I have a table like this
id | non-binary | female | male | others |
---|---|---|---|---|
1 | True | False | False | False |
2 | False | True | False | False |
3 | False | False | True | False |
4 | True | True | True | False |
I want to combine columns into row like this -
If multiple columns have value True, only use the first column that has value True. Eg, for id=4, since the first True is in column "non-binary", then in the new table, set the gender value to non-binary.
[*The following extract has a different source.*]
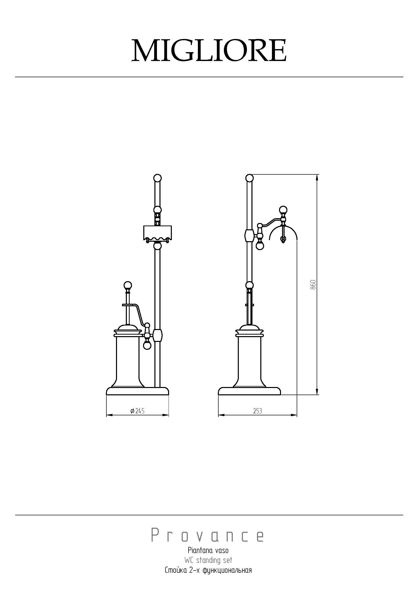 Аксессуары коллекции PROVANCE бренда MIGLIORE имеют нежный цветочный декор на керамике и создают уют в ванной комнате в классическом или рустикальном стиле. Стойка для унитаза коллекции PROVANCE - это многофункциональный и красивый аксессуар для ванной комнаты. На стойке расположены бумагодержатель с крышкой и керамический ерш.
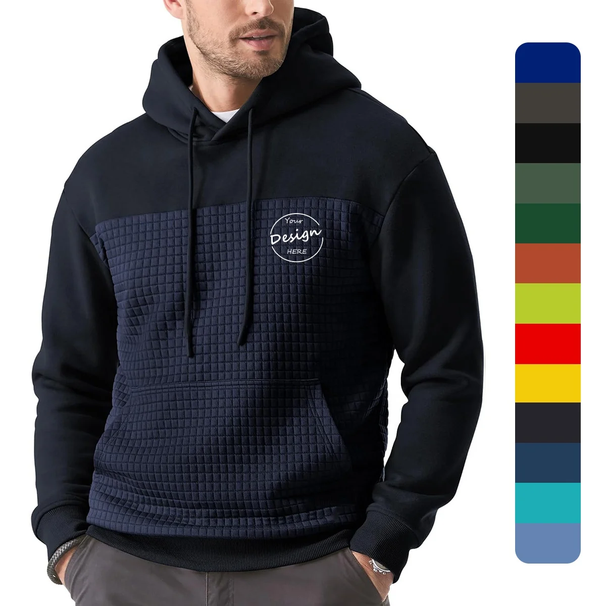 JL108A High Quality Color Block Men Thick Hoodies Embroidery Waffle Fleece Hoodies for Men

How can it be converted to the table below by using Pandas?
id | Gender |
---|---|
1 | non-binary |
2 | female |
3 | male |
4 | non-binary |
CodePudding user response:
Since boolean
values are numeric (True == 1, False == 0) you can use idxmax
to get the index of the maximum value. This interestingly will correspond to the name of the column where the first True appears if you apply this along the column axis.
# set your index to the id column if it is not already
df = df.set_index('id')
out = df.idxmax(axis='columns').rename('Gender')
print(out)
id
1 non-binary
2 female
3 male
4 non-binary
Name: Gender, dtype: object
# Can use .reset_index() or .to_frame() to convert back to a DataFrame
# (depending on what you want to do with your Index)
print(out.reset_index())
id Gender
0 1 non-binary
1 2 female
2 3 male
3 4 non-binary
CodePudding user response:
I haven't tested this. But it seems in pandas version 1.5.0 there is a new function called from_dummies
:
Try this:
pd.from_dummies(df.astype(int))
CodePudding user response:
What about just using .loc
:
df2 = pd.DataFrame({'id': df.id})
df2.loc[df['non-binary'].eq(True), 'Gender'] = 'non-binary'
df2.loc[df['non-binary'].eq(False) & df['female'].eq(True), 'Gender'] = 'female'
df2.loc[df['non-binary'].eq(False) & df['male'].eq(True), 'Gender'] = 'male'
df2.loc[df['non-binary'].eq(False) & df['others'].eq(True), 'Gender'] = 'other'
print(df2)
Output:
id | Gender | |
---|---|---|
0 | 1 | non-binary |
1 | 2 | female |
2 | 3 | male |
3 | 4 | non-binary |